Finally, these all are inherently stainless (well, the .44 can be had both ways), and while not normally a big SS fan, I can't argue the practical aspects and it's a real plus as a one and only gun that might see multiple uses, and SS just happens to be particularly attractive and well suited to the shortie Montado/Sheriff too. I put a black sharpie on the back of the front sight--or you can carefully apply some orange glow paint...if the visibility of the front sight is of concern (and it's a legitimate concern on the bright stainless models such as the Vaquero line).

Regarding caliber, the balance and relative weight of the big bores (.44 and .45) is so wonderful, it's very tempting to go that route as your "one and only." I carry warmly loaded .44s to mimic lower .44 Mag levels when camping in bear country.
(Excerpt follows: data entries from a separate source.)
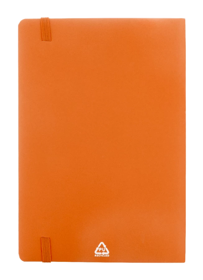 Notes z miękką okładką ze skóry PU z recyklingu, z 80 kartkami w linie z papieru z recyklingu. Z zakładką w pasującym kolorze i gumką. Rozmiar A5.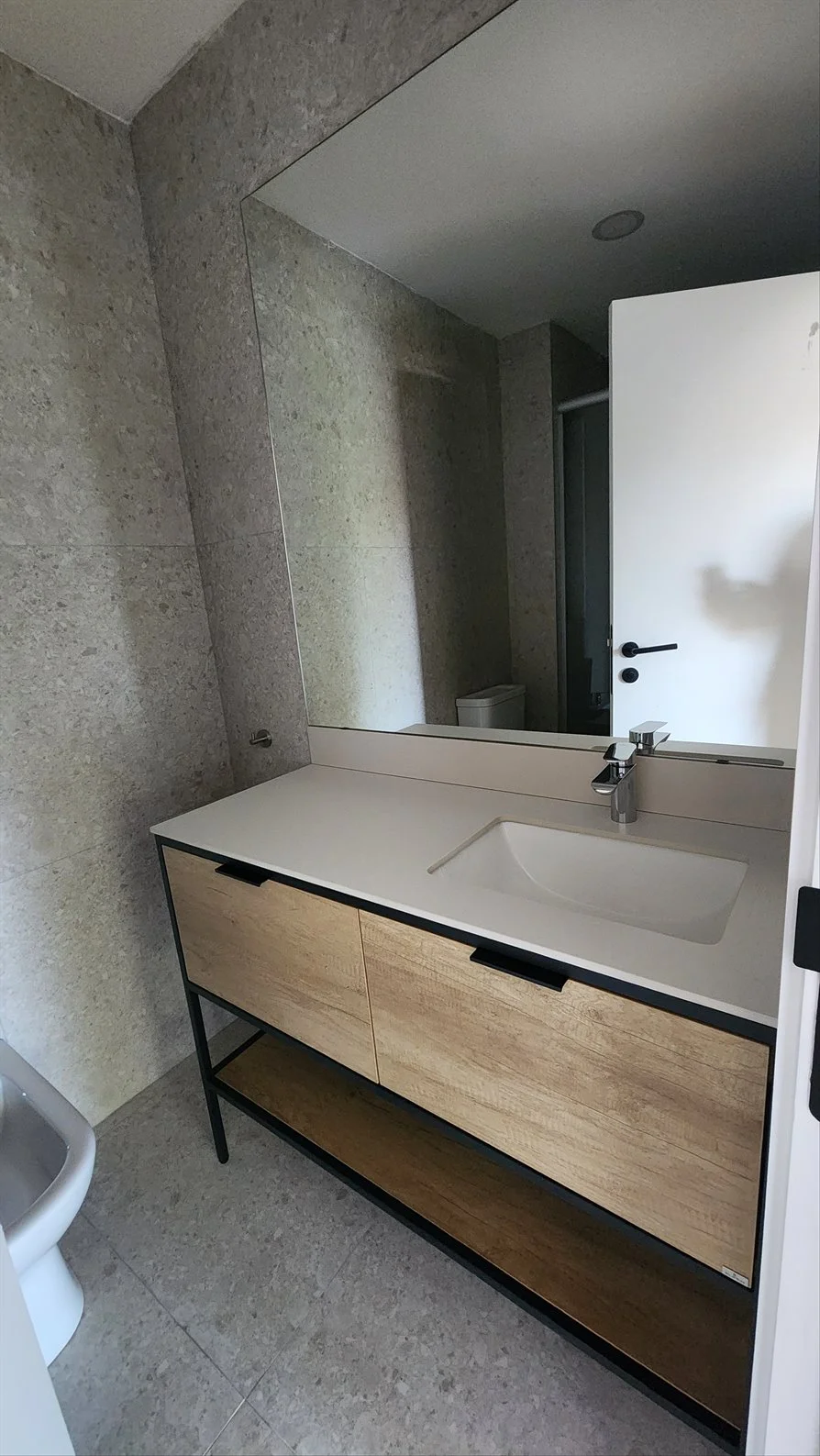 Cocina semi integrada con salida al jardín. Cuenta con horno, anafe y campana. Placard de almacenamiento y despojador.
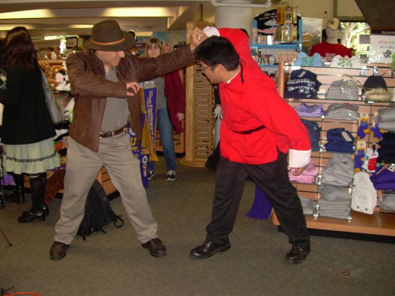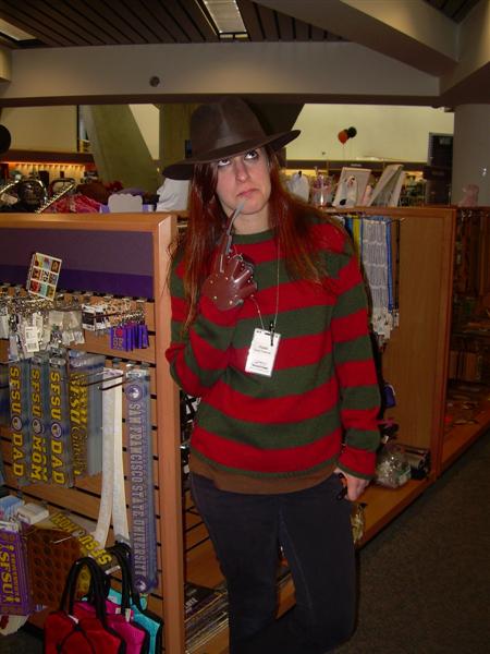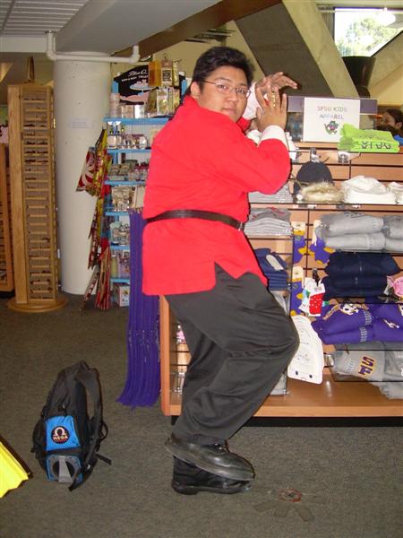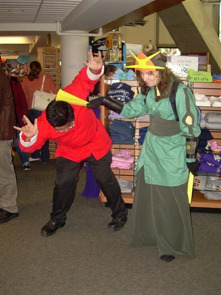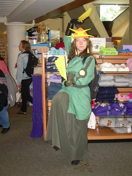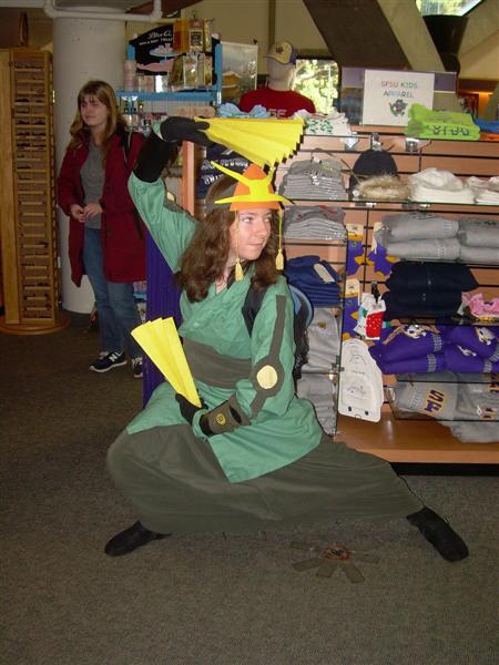 I'll say that Halloween at my school, San Francisco State, was much improved from previous years. Even my roommates dressed up for the occasion. The bookstore even gave away $10 giftcards for people who dressed up. I dressed up as Disney's Mulan. The costume was comissioned by Pegasus Maiden. I recieved many compliments for my costume. Thank you once again, Peg! Other than school, there was not much Halloween related festivities going on. I had class from 9 to 5 that day. I had to catch the Cal Train the first chance I could get to the Winchester. Here are photos from my school's Halloween costumers. Pictures are copyright by Victoria Erica. If I took your picture, feel free to use it on your site or cosplay gallery. If you want me to remove something, kindly email me. While you're here, do sign the guestbook. This site was brought to you by the font Cherry Coke. |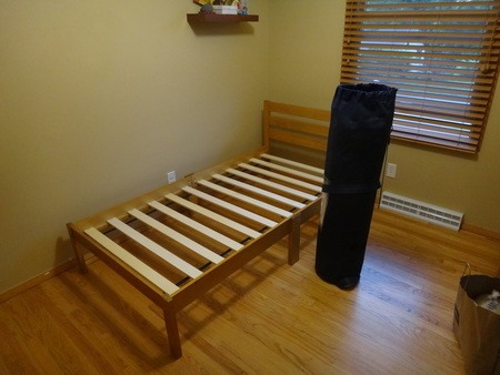 ベッドを買いました。今のベッドはお腹の重い私にはちょっと高すぎるので、当分はこちらを使うつもり。そして、出産後ももちろん赤ちゃんと一緒の部屋で寝起きする予定~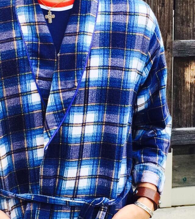 ショールカラー(へちま襟)からフロント、袖口にかけて施されたネイビーのパイピング。これが全体の印象をグッと引き締めています。「Royalty(王族)」という名の通り、室内着でありながら気品を感じさせる意匠です。
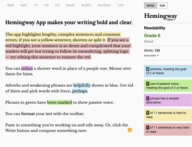 1. Hemingway App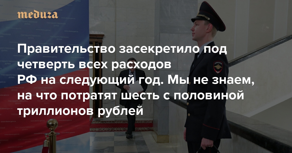Один из главных вопросов к проекту бюджета на 2023 год — из каких ресурсов правительство РФ намерено финансировать войну и содержать аннексированные украинские территории. Ответ, вероятно, кроется в закрытой части бюджетных расходов. По расчетам «Медузы», власти решили засекретить рекордный объем трат: мы не знаем точно, на что зарезервирована почти четверть всех расходов. В денежном выражении речь о более чем шести с половиной триллионах рублей. Значительная часть суммы — расходы, связанные с «военными» статьями: национальной обороной и безопасностью.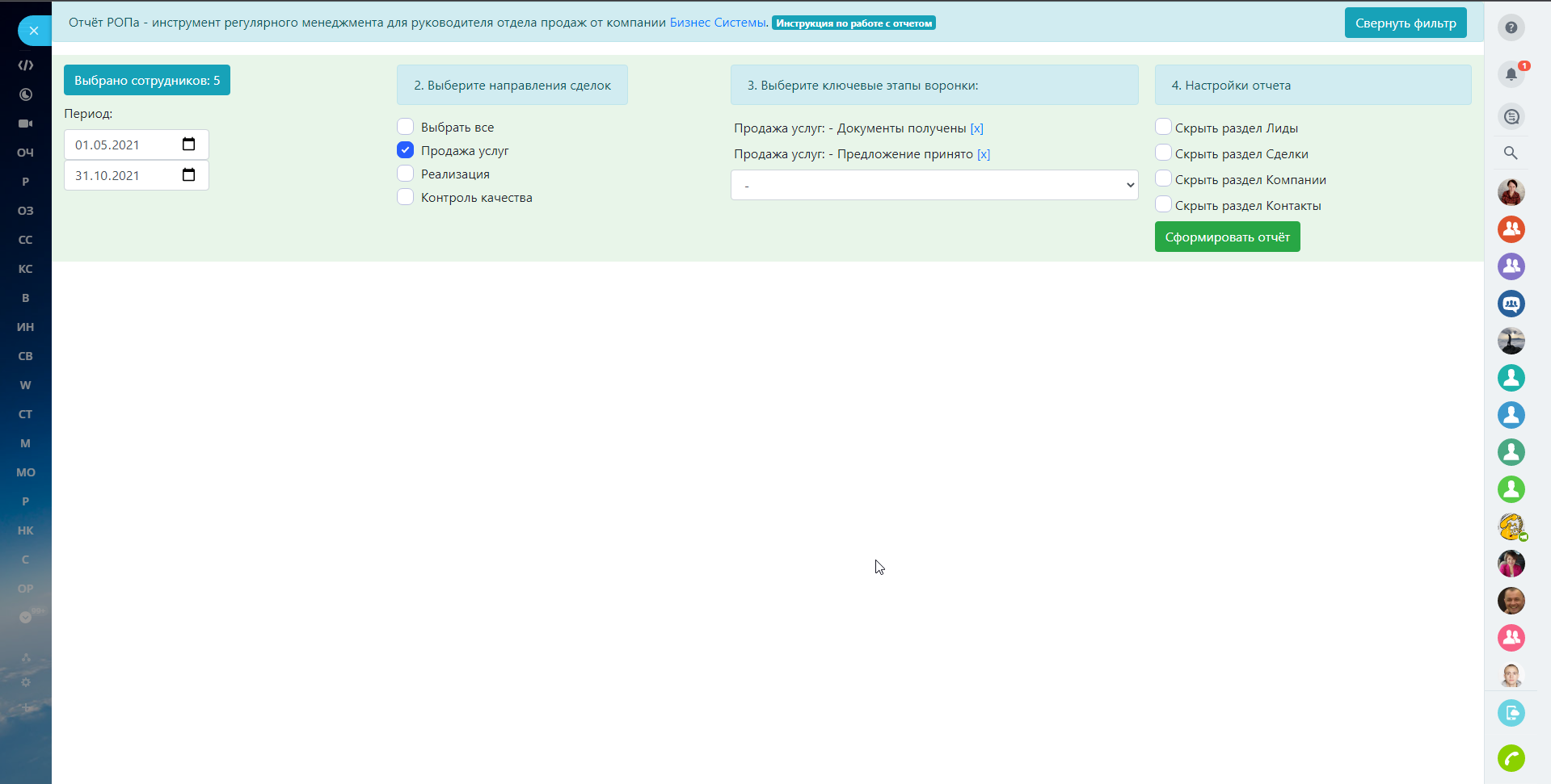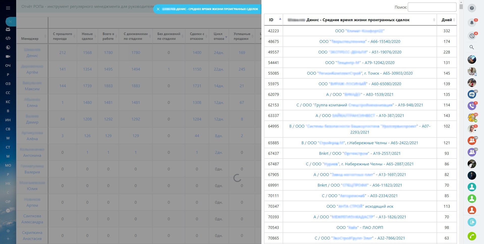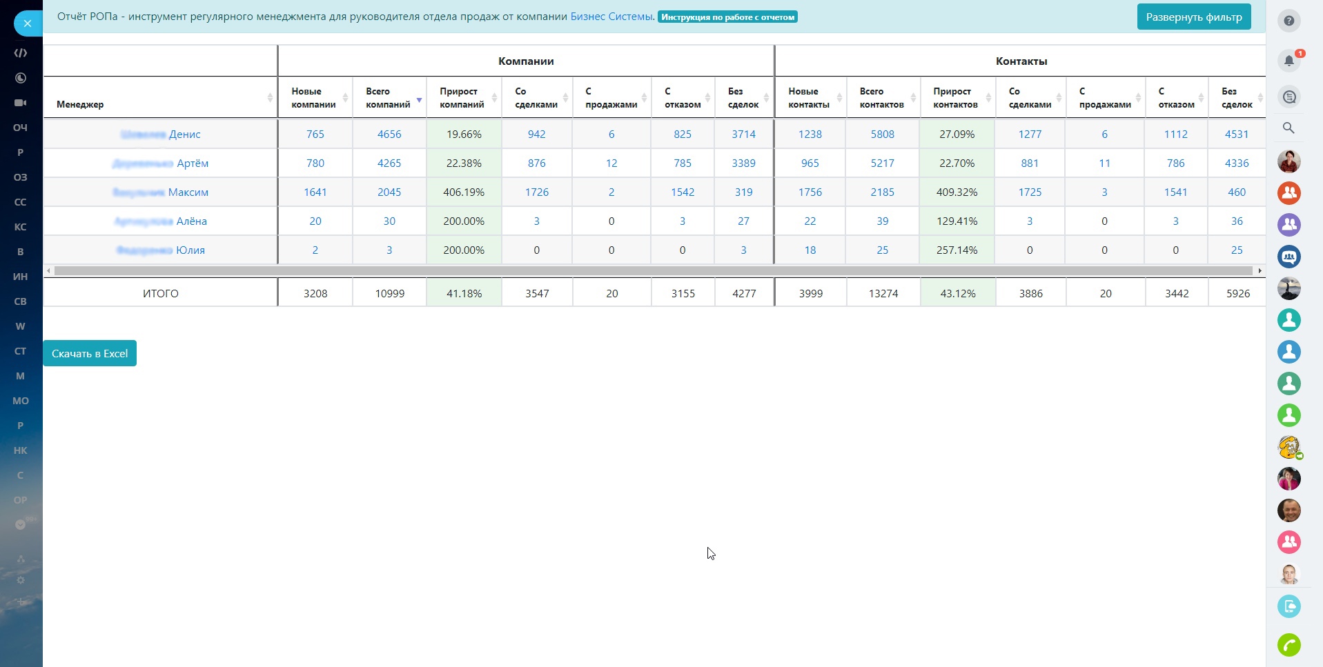Отчет РОПа позволяет отследить эффективность работы как отдела в целом, так и каждого сотрудника

While not designed for "magnum" (aka "Ruger only") levels, contrary to myth, the smaller "mid" framed .45s can also handle healthy loads, not just super mild "cowboy" loads. But, the beauty of the .44 Special is it has that much more margin (metal between the chambers) to play with the loads. Otherwise, if ammo cost and off-the-shelf availability are predominate concerns, go with the ubiquitous .357. I shoot mostly .38s range, and would load warm +P .38s for night stand use, and leave the full house ("regular") .357s for camp and trail, and occasional range just to keep acquainted. If you're not regularly dealing with "bear country," the economy and flexibility of the .357 platform is hard to miss with.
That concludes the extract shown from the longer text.